The changing nature of the Shackleton Traverse
We have completed the traverse, just under the wire of having to make the return passage to Port Stanley. A close-run thing. It is never good to leave a job undone with such a worthwhile objective to hand. After weeks of being on standby to sail around to King Haakon Bay we finally had a forecast for three days of reasonable weather after four horrendous days being blown about on anchor at Right Whale Bay with no visibility to speak of.
To begin this journey, to my way of thinking, you need a window of three days to comfortably get stuck in and committed. Day one was a predawn start from Right Whale Bay, taking five hours to slip through Bird Sound and enter King Haakon, dropping anchor near Cave Cove, a tiny indent almost hidden from view on Cape Rosa where Shackleton and his men first made landfall after leaving Elephant Island.

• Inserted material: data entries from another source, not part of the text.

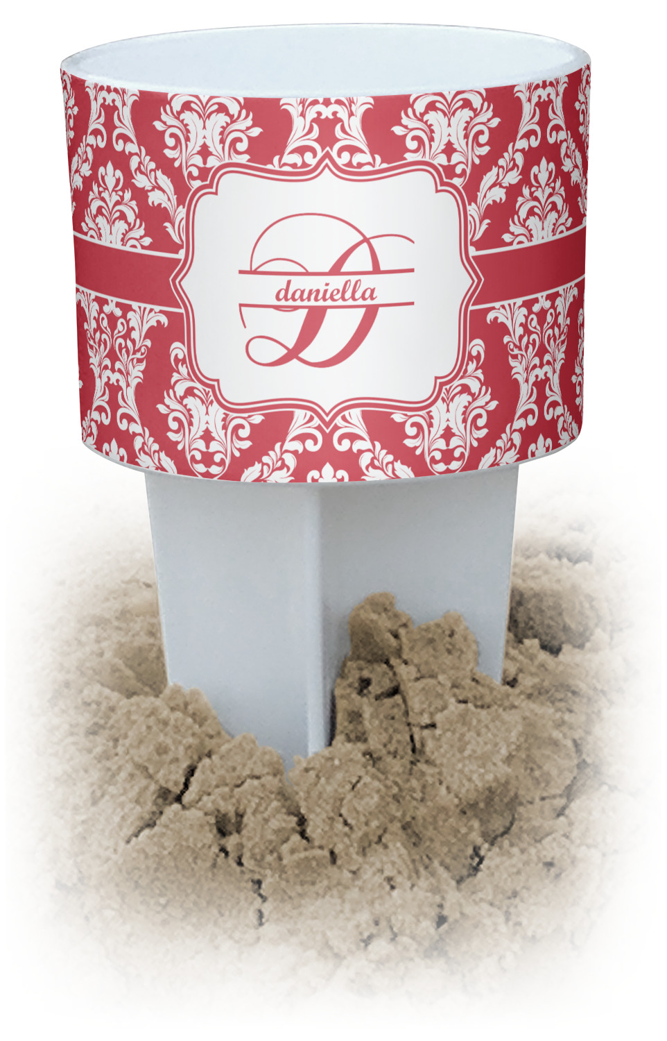This cup holder has a large stake at its bottom that anchors it to the sand or ground below, while the cup holder rests above the stake. The entire drink holder is made of durable plastic and displays your customization around the cup holder portion. We sell these personalized beach spikers in two different colors: black and white.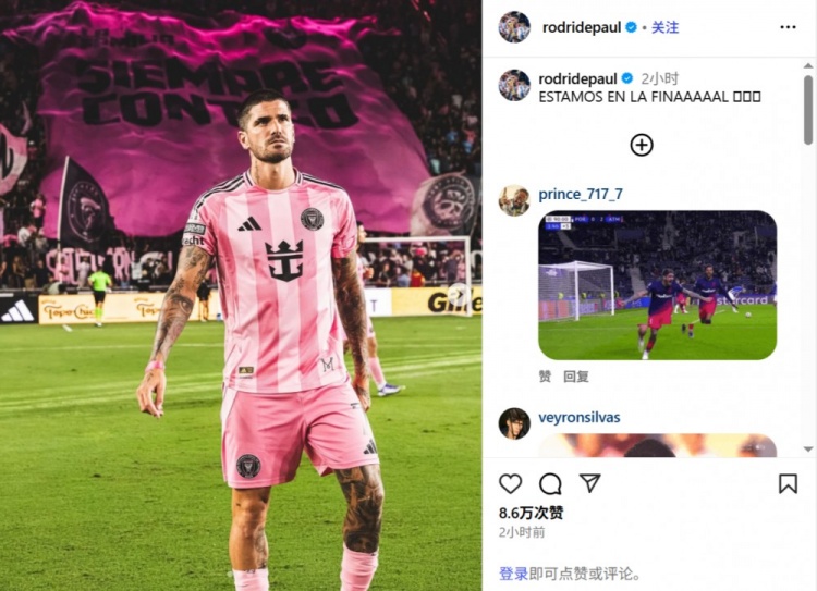 8月28日訊 阿根廷中場(chǎng)德保羅更新社媒,慶祝邁阿密?chē)H晉級聯(lián)盟杯決賽。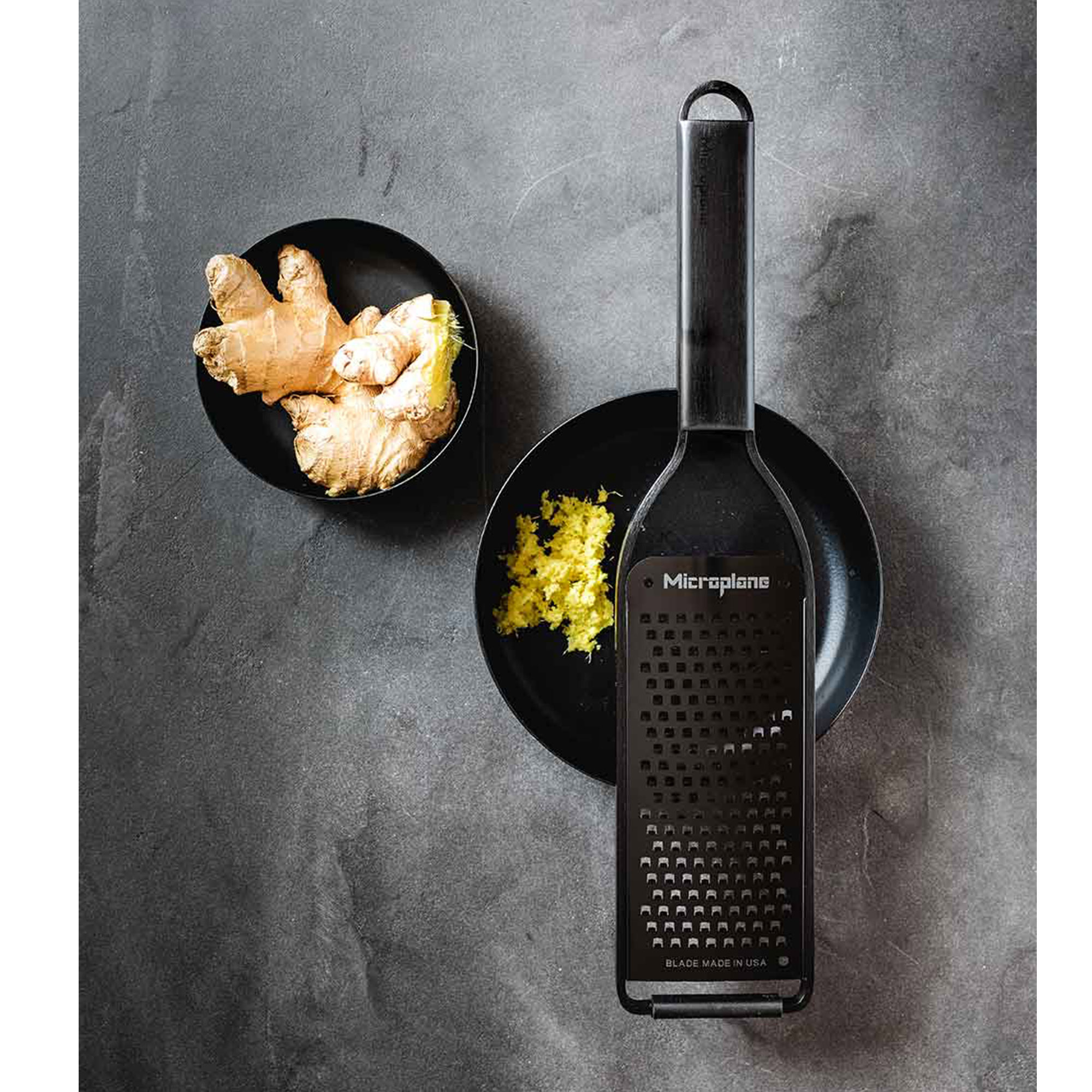 Die Reibe in schwarzer Optik hat ein mattes Finish und ist aus Edelstahl gefertigt, versehen mit einer PVD-Beschichtung für höhere Kratzfestigkeit.
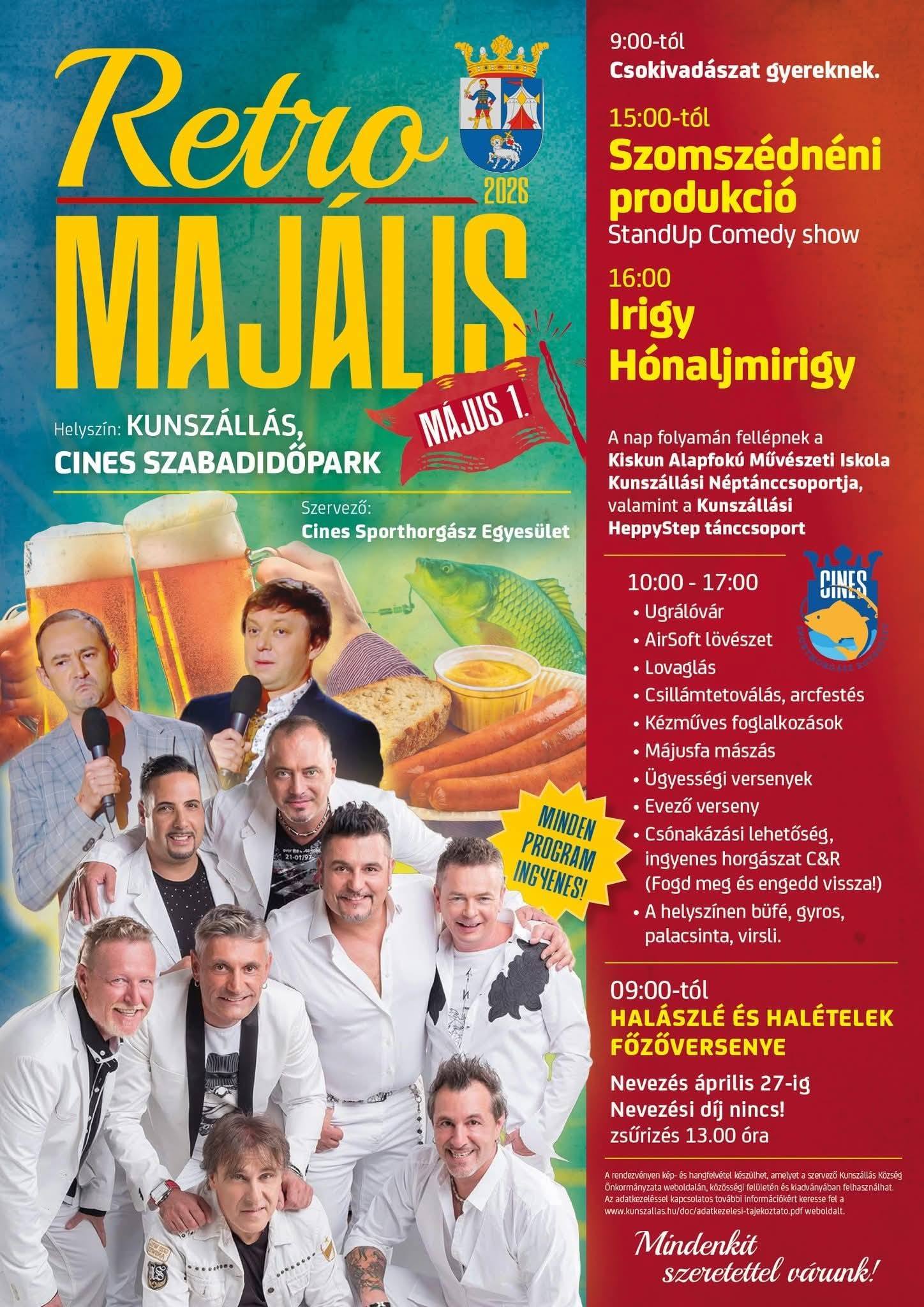 Bács-Kiskun vármegyeCsaládi programokGyerekprogramokKoncertekMajálisProgramokMajális Kunszállás – Ingyenes Irigy Hónaljmirigy koncert ADMIN2 nap ezelőtt2 nap ezelőtt01 mins Majális Kunszállás Program 2026 🎶 🎤 🗓️ Időpont: 2026. május 1.📌 Helyszín: Kunszállás, Cines Szabadidőpark💸 Belépés: INGYENESRészletek a plakáton!Kép forrás: Facebook események Nézd meg hol lép fel a kedvenc zenekarod (országosan): Keresés: Zenekarok :4S Street Alma együttes Animal Cannibals Apacuka zenekar Augusztusi programok Bikini Bon-Bon Bódi Csabi Decemberi programok Desperado DJ Dominique Dj Szatmári Dánielfy Gergő Dér Heni Február Fehér Krisztián Groovehouse Gudics Máté Happy Gang Hooligans Horváth Tamás Irigy Hónaljmirigy Iszkiri Josh és Betti Június Kalap Jakab Korda György és Balázs Klári Kovácsovics Fruzsina Kozmix Krisz Rudi MAGNA CUM LAUDE Mihályfi Luca Május Neoton Família New Level Empire Novemberi programok Nótár Mary Oláh Gergő Péter Sramek Rúzsa Magdi Soltész Rezső Szabó Ádám Szeptemberi programok V-Tech Varga Viktor Bejegyzés navigáció Előző: Majális Soroksár – Kovácsovics Fruzsina, Happy Gang, Gallusz NikiKövetkező: Majális Szegvár – Csordás Tibi Fiesta, Kabai Alex
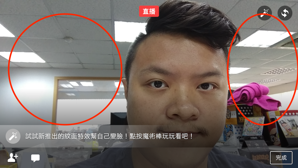 大家可以看到,當 Facebook 的直播畫面轉為橫向後,可拍攝的背景範圍也就跟著變大,這時就能輕鬆的讓更多人,或是更多背景一起入鏡。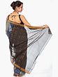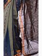 The primary color palette of this saree is a captivating blend of deep blues and soothing grays. Vertical stripes in varying widths of these hues dominate the fabric, creating a dynamic yet harmonious pattern. Interspersed within the blue stripes are delicate, abstract motifs in darker tones, adding depth and intrigue. The interplay of these colors is enhanced by subtle red and yellow accents, particularly noticeable in the border and pallu, which provide a warm contrast and a touch of vibrancy. The pallu, a key feature of any traditional Indian saree, is a striking composition of alternating bands of gray and black, punctuated by thin orange and white stripes, offering a sophisticated finish.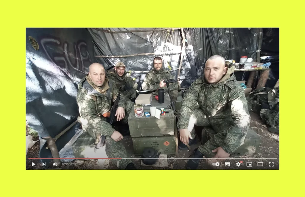 «Салам алейкум, комяки. С вами Саня Вулдымарктум. Чё могу рассказать? Всё хорошо, всё отлично. Попались немножко. Ранило, задело в бою. Щас выздоравливаем. В принципе, всё уже почти. <…> Ну, вы там тоже держитесь», — обращается к другим заключённым мужчина, сидя на кровати, предположительно, в госпитале.
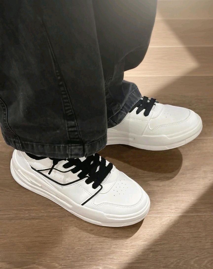上脚第一周真实反馈: ▪️鞋型比想象中修脚!白+黑极简配色超好搭衣服 ▪️皮革鞋面意外耐造,雨天穿也不怕浸水(实测!) ▪️厚底自带3cm隐形增高,但走路不笨重 ▪️重点夸鞋舌设计,完全不会磨脚踝 ⚠️注意: 新鞋前3天鞋底稍硬 建议穿厚袜子磨合 现在越穿越软弹了 上班/逛街都能穿 百元档里难得有质感的款!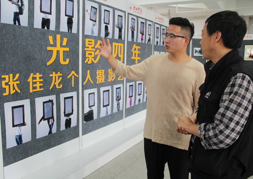 校黨委書記鄭翔對此次展覽的作品給予了高度評價,在參觀中,鄭書記對部分作品與張佳龍進行親切交流,贊揚了張佳龍同學這四年取得的優(yōu)異成績和在攝影立意和構思上的突破,肯定了他創(chuàng)作題材的廣度和作品的思想深度,并就作品取名提出了寶貴建議,鼓勵他在今后的人生道路上繼續(xù)開創(chuàng)屬于自己的新方向和目標。參觀結束時,鄭書記現(xiàn)場欣然為張佳龍攝影展題字:“鏡焦無淺見,圖照有深思”,希望他今后拍攝和創(chuàng)作出更多更有特色和意義的作品,勇敢追逐屬于自己的夢想。

Cave Cove, the cave is on the right under the Swords of Damocles
This is where the story starts for us. We spent an hour ashore there inspecting the cave, which is nothing more than a miserable overhang, icy Swords of Damocles on guard overhead. Shackleton and his five companions heartily ate the wandering albatross chicks off the nest above the cove to regain their strength after their epic boat journey. Today there are no nests. The crew of Vinson was there in 2024 on the once in ten year wandering albatross survey for the government and we searched high and low all over the Cape.
We continued down the fjord that afternoon and with pulks, food bags, skis and the heavy gear ready, we dropped anchor behind the Vincent Islands near Peggoty Bluff and offloaded everything onto snow above the beach. A lone bull elephant seal took little notice as we intruded into his fastness.
Day two, the work began, taking our personal kit bags ashore just after first light, harnessing up to our pulks and beginning the long ski and skin up to the Shackleton Gap followed by a steep pull up on to the Murray Snowfield. On the Gap we radioed Vinson and said goodbye to Tor, Melissa, John, and Jerome - they could up anchor and head back around to the north side of the island.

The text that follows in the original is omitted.